Carny

I can paint anytime, anywhere. This is because I made stuff long before I knew what an artist was. I never aspired to be an artist; the word makes me cringe because it implies trying to win the approval of others. I started drawing in first grade, painting in fourth, and declared myself an artist at ten. No approval necessary.

My professional career kicked off at eighteen with two sales to a prominent local collector who saw my work in the Guild of South Carolina Artists exhibition at the Gibbes Museum of Art in Charleston. I kissed the check and thought about ways to get my work seen by more people. When you’re unknown, the only way to get your work shown is to do it yourself. I exhibited in public libraries, restaurants, corporate hallways, a firehouse, a maximum-security prison, outdoor markets, and medical office lobbies, and even did impromptu shows by hanging paintings on the wrought-iron fences of downtown Charleston. All of those locations had one thing in common: they were places people had to be for other reasons. Whether having pudding or dialysis, people were moving from elevator to escalator, and therefore I had a millisecond to grab their attention.

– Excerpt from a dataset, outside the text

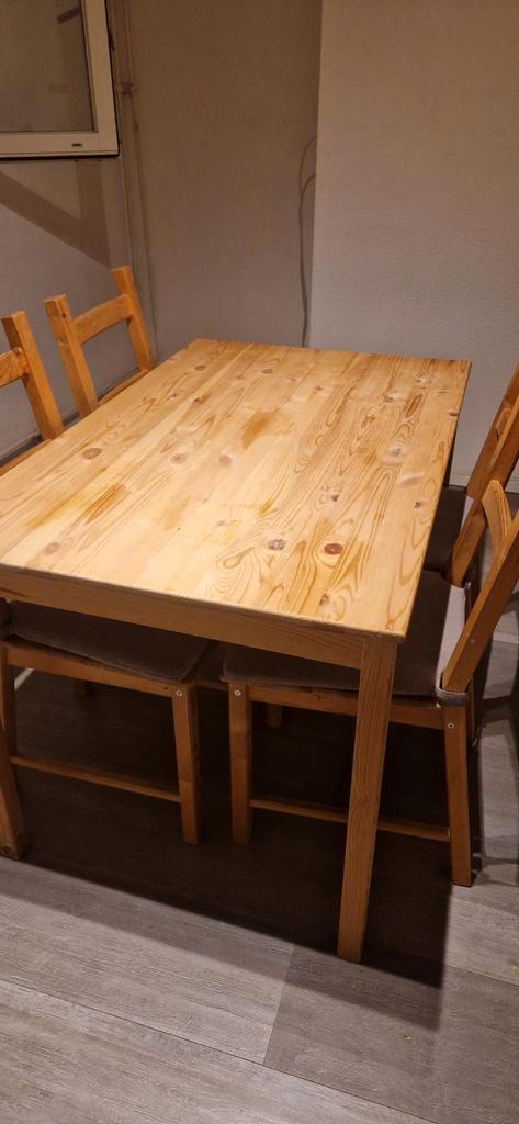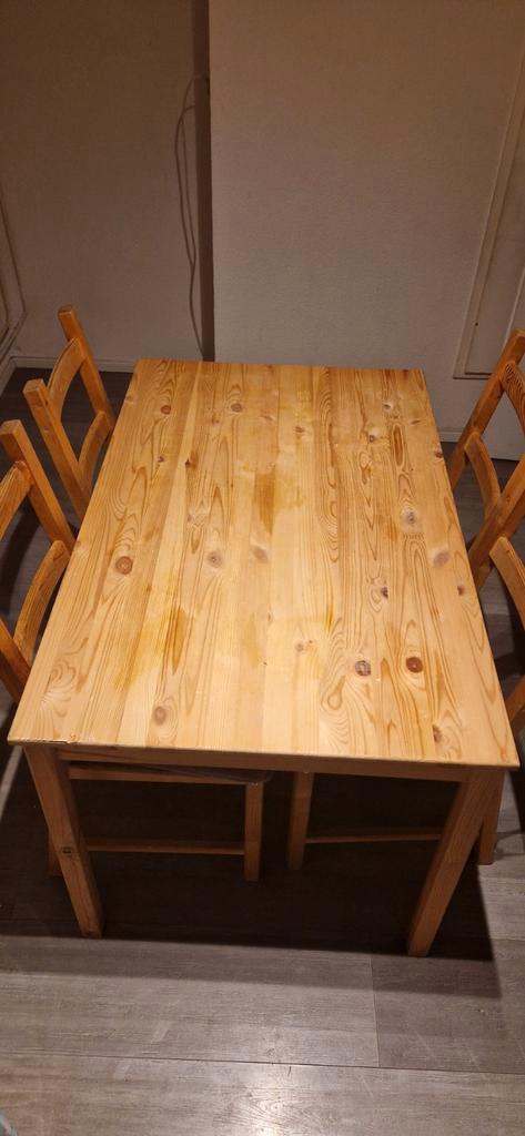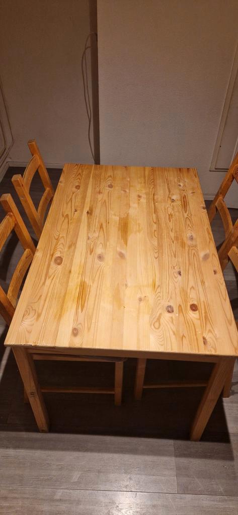 Mooie, gebruikte houten eettafel. Geschikt voor vier personen. De tafel is rechthoekig en gemaakt van grenenhout. Ideaal voor een

Other than painting, two of my favorite things in the world are barbecue and magic, both of which can be found at carnivals and state fairs. I always admired the artists who painted circus banners for their design acumen, clarity of intention, and purposeful execution. They taught me that, if you are going to impinge on someone’s consciousness, even for a second, you have to grab them by the earlobes with a composition that looks good from twenty-five feet away. By copying such banners, I learned that larger shapes should occupy the perimeter and gradually get smaller as the eye winds into the climax of the image. Carnival posters also taught me that the entire rectangle itself should be considered the first form, just as the four sides supply the first four lines; everything that comes after should relate to those primary truths.

I still paint with the assumption that the viewer has somewhere else to be and I have less than a minute to convince them to slow down and look. From Giotto to John Kensett to Joseph Stella, great painting begins with confident, economical design.